The literature of Rome was itself modelled on Greek literature and served in turn as the basic model, especially in the Renaissance, for the development of later European literatures. Because of their close formal dependence on Greek models, Roman writers were concerned with emphasizing the specifically Roman quality of their experience; perhaps most important, almost all Roman writers had to come to terms with Rome's civilizing mission in the world. The greatest accomplishments of Roman literature are found in epic and lyric poetry, rhetoric, history, comic drama, and satire—the last genre being the only literary form the Romans invented.
Latin literature began with Livius Andronicus, who came to Rome as a Greek-speaking slave. He translated Homer's epic the Odyssey into Latin verse and wrote the first dramas in Latin as well as translations of Greek plays. The first native Roman writer was Gnaeus Naevius (c. 270-c. 201 bc), who followed the example of Livius Andronicus.

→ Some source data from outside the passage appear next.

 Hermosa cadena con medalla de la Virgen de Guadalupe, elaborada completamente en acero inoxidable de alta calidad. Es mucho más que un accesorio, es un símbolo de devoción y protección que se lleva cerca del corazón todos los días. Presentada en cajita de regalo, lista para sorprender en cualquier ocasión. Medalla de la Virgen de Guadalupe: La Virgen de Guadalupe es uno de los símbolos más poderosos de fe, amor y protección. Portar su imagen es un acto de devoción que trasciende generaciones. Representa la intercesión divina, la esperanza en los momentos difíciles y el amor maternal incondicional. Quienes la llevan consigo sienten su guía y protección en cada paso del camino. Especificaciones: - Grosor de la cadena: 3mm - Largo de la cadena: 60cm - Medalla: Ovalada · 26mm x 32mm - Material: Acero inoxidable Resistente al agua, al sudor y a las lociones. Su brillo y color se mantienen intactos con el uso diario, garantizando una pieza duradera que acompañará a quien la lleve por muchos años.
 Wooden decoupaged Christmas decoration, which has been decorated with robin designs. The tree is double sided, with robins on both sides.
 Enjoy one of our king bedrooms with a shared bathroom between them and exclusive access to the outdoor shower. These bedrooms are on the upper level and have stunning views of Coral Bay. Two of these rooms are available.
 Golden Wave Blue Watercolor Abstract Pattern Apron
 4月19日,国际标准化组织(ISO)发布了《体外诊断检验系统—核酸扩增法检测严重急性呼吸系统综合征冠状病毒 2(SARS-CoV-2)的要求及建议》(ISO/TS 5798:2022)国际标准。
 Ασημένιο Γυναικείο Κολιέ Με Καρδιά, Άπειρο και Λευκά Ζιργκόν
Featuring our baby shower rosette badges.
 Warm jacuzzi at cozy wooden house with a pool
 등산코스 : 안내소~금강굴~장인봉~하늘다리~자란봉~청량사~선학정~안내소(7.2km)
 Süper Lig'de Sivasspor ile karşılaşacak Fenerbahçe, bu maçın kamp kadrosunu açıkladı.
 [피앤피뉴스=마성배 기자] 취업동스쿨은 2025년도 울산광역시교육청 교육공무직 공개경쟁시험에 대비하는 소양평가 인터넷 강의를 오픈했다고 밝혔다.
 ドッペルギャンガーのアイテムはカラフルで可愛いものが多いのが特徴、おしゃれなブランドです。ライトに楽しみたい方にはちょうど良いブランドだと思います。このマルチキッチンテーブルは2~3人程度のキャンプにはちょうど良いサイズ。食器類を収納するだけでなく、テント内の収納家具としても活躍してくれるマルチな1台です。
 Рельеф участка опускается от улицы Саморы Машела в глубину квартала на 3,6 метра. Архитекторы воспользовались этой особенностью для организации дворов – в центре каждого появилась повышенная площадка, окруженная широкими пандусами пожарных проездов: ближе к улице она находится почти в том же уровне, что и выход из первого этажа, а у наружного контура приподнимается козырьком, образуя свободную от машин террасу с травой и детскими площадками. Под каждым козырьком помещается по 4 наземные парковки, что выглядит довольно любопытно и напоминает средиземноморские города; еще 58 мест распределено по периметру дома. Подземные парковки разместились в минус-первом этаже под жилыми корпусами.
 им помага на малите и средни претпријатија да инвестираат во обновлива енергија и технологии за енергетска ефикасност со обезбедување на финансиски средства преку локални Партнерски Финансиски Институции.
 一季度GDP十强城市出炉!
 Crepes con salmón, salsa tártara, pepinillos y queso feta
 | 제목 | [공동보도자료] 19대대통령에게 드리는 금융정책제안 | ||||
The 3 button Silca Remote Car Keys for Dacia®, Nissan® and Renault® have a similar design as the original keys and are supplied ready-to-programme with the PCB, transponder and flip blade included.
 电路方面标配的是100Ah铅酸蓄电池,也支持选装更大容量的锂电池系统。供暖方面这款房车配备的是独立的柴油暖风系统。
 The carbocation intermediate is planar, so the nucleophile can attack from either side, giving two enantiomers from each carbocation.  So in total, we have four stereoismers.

His comedies were especially successful, and he also composed the Bellum Poenicum, an epic poem on the First Punic War fought between Rome and its rival, Carthage. The first really important Roman writer, however, was Quintus Ennius, famous for his Annales, a vigorous and energetic poem telling the story of Rome and its conquests in hexameter lines successfully adapted from Greek into Latin. Ennius's pioneering work served as the prototype for Roman epic and was affectionately imitated by later poets who refined his rugged style. Only scattered fragments remain of the works of these earliest writers, but 21 plays of the first true genius in Roman literature, the comic writer Plautus, are extant. Comedy was Rome's most effective contribution to the development of drama; the lively and robust plays of Plautus served as a model for much subsequent European comedy and have been performed and imitated into modern times. Plautus's world of benighted masters, wily slaves, innocent maidens, and young men hopelessly and absurdly in love was taken over by the second Roman comic genius, Terence. Terence's plays are smoother and more graceful than those of his predecessor, less boisterously funny but perhaps more touching. The statesman Cato the Elder, a political conservative and the implacable enemy of Carthage, was the earliest master of Roman prose. An effective orator, he provided the first models for Roman rhetoric. His treatise on farming, De Agri Cultura (c. 160 bc), still survives. The great master of satire, a genre apparently invented by Ennius, was Gaius Lucilius, who gave it its standard form in which a sharply defined voice pokes ruthless fun at a wide range of human foolishness, in both the public and private realm. Only fragments of Lucilius's work have survived.